Powered by the Varpulis CEP engine — NFA-based pattern matching with Kleene closure and Zero-suppressed Decision Diagrams (ZDD) for efficient combinatorial matching.


Why

AI agents in production fail in ways that are invisible to existing tools:

Failure Mode What Happens Why Current Tools Miss It
Retry storms Agent calls the same tool with identical params over and over Each individual call looks valid
Circular reasoning Agent alternates between tools without progressing (A→B→A→B→...) Each step appears purposeful in isolation
Budget runaway Cumulative LLM token spend exceeds threshold No per-call anomaly, only aggregate
Error spirals Tool error → reformulate → tool error → reformulate → ... Each retry is different enough to pass static checks
Stuck agent 20 steps of "thinking" without producing an answer No single step is wrong
Token velocity spike Sudden 3x increase in tokens per step Gradual degradation, no sharp boundary
Convergent failure 3 independent sessions fail on the same protected test No single session sees the full picture

These are temporal patterns — they only become visible when you look at sequences of events over time. Observability tools (LangSmith, Braintrust) analyze traces post-hoc. Static guardrails (Guardrails AI, NeMo) validate individual inputs/outputs. Varpulis detects behavioral patterns as they unfold.


Quick Start

One-Line Setup (Python)

import varpulis_agent_runtime
varpulis_agent_runtime.init()
# That's it — LangChain, CrewAI, and OpenAI SDK are auto-patched.
# Your agent now has behavioral guardrails.

JavaScript / TypeScript

import { WasmAgentRuntime } from '@varpulis/agent-runtime/wasm/varpulis_agent_wasm.js';
import { VarpulisAgentRuntime, Patterns } from '@varpulis/agent-runtime';

// Create runtime with all default patterns
const wasm = WasmAgentRuntime.withDefaultPatterns();
const runtime = new VarpulisAgentRuntime(wasm);

// Or pick specific patterns with custom thresholds
const wasm2 = new WasmAgentRuntime();
const runtime2 = new VarpulisAgentRuntime(wasm2, {
  patterns: [
    Patterns.retryStorm({ min_repetitions: 3, window_seconds: 10 }),
    Patterns.budgetRunaway({ max_cost_usd: 0.50 }),
    Patterns.stuckAgent({ max_steps_without_output: 10 }),
  ],
  cooldown_ms: 5000,
});

// Listen for detections
runtime.on('retry_storm', (detection) => {
  console.warn(`Retry storm: ${detection.message}`);
});

runtime.on('budget_runaway', (detection) => {
  if (detection.severity === 'error') {
    console.error('Budget exceeded — killing agent');
    // your kill logic here
  }
});

// Push events from your agent's execution loop
runtime.observe({
  timestamp: Date.now(),
  event_type: {
    type: 'ToolCall',
    name: 'search_api',
    params_hash: hashParams({ query: 'weather in paris' }),
    duration_ms: 200,
  },
});

Python

from varpulis_agent_runtime import VarpulisAgentRuntime, Patterns

runtime = VarpulisAgentRuntime(
    patterns=[
        Patterns.retry_storm(min_repetitions=3, window_seconds=10),
        Patterns.budget_runaway(max_cost_usd=0.50),
        Patterns.stuck_agent(max_steps_without_output=10),
    ],
    cooldown_ms=5000,
)

@runtime.on("retry_storm")
def handle_retry_storm(detection):
    print(f"Retry storm: {detection['message']}")

# Push events
detections = runtime.observe(
    event_type={"type": "ToolCall", "name": "search", "params_hash": 42, "duration_ms": 200}
)

Patterns

Seven pre-packaged patterns ship out of the box, plus cross-session convergent failure detection.
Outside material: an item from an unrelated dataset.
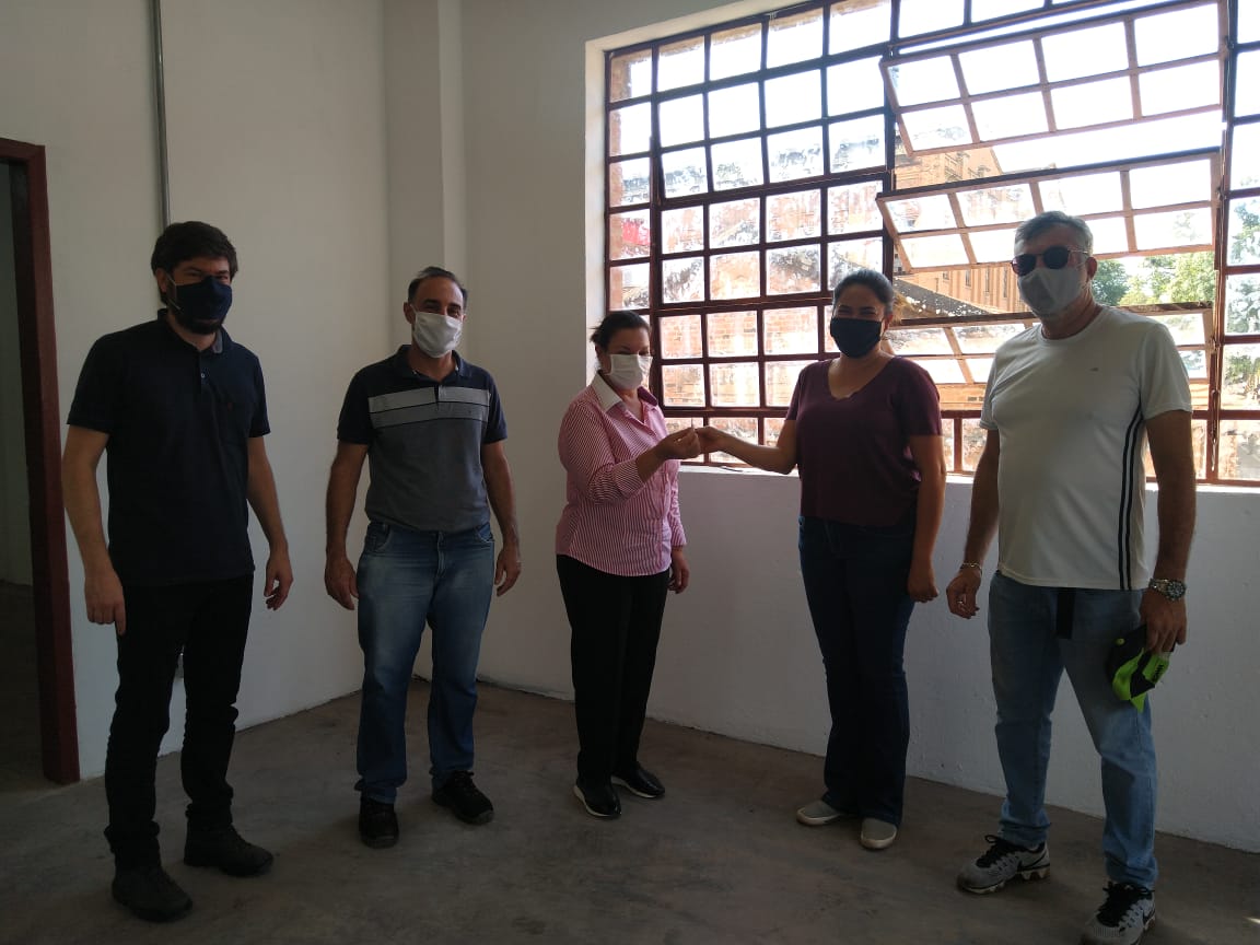 Entrega oficial das chaves da reforma com os engenheiros da Semob Rafael Ciriaco e Gustavo Castro, Rosângela Camolese, Tatiane Caetano da TCS Construções e Dermival da Silva Pinto, diretor do Engenho Central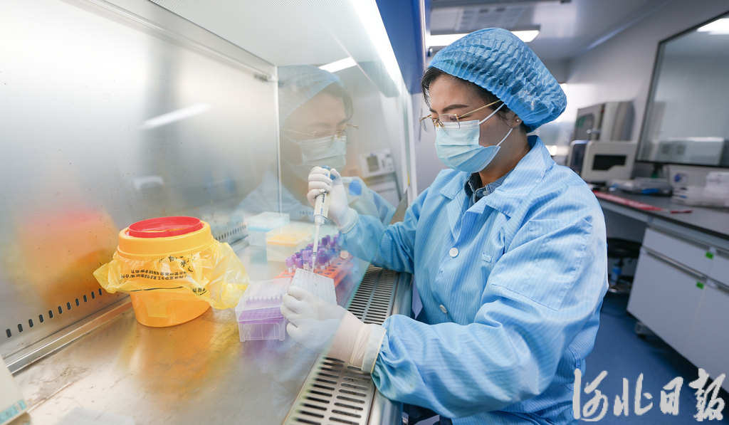 11月21日,在雄安妙心生物科技有限公司基因检测实验室内,河北工程大学医学院检验系教授王珍在进行病原微生物核酸提取工作。河北日报见习记者李畅摄

All are configurable and have sensible defaults.

Retry Storm

Same tool called N+ times with identical parameters within a time window.

Patterns.retryStorm({
  min_repetitions: 3,   // default
  window_seconds: 10,   // default
})

Detects: Agent blindly retrying a failing API call, LLM regenerating the same tool call.

Stuck Agent

Agent executes too many steps or spends too long without producing output.

Patterns.stuckAgent({
  max_steps_without_output: 15,           // default
  max_time_without_output_seconds: 120,   // default
})

Detects: Agent stuck in a reasoning loop, infinite planning without action.

Error Spiral

Repeated tool failures within a time window, regardless of which tool fails.

Patterns.errorSpiral({
  min_error_count: 3,   // default
  window_seconds: 30,   // default
})

Detects: API outage causing cascade of failures, permission issues, network problems.

Budget Runaway

Cumulative LLM cost or token usage exceeds thresholds. Fires a warning at 80% and an error at 100%.

Patterns.budgetRunaway({
  max_cost_usd: 1.00,      // default
  max_tokens: 100_000,     // default
  window_seconds: 60,      // default
})

Detects: Agent burning through API credits, runaway token consumption.

Token Velocity Spike

Sudden increase in token consumption rate per step compared to a rolling baseline.

Patterns.tokenVelocity({
  baseline_window_steps: 5,   // default
  spike_multiplier: 2.0,      // default
})

Detects: Agent losing efficiency, generating increasingly verbose prompts.

Circular Reasoning

Repeating cycle in tool call sequences (e.g., search→read→search→read→...).

Patterns.circularReasoning({
  max_cycle_length: 4,         // default
  min_cycle_repetitions: 2,    // default
})

Detects: Agent stuck alternating between tools without making progress.

Targeted Failure (Convergent Failure Detection)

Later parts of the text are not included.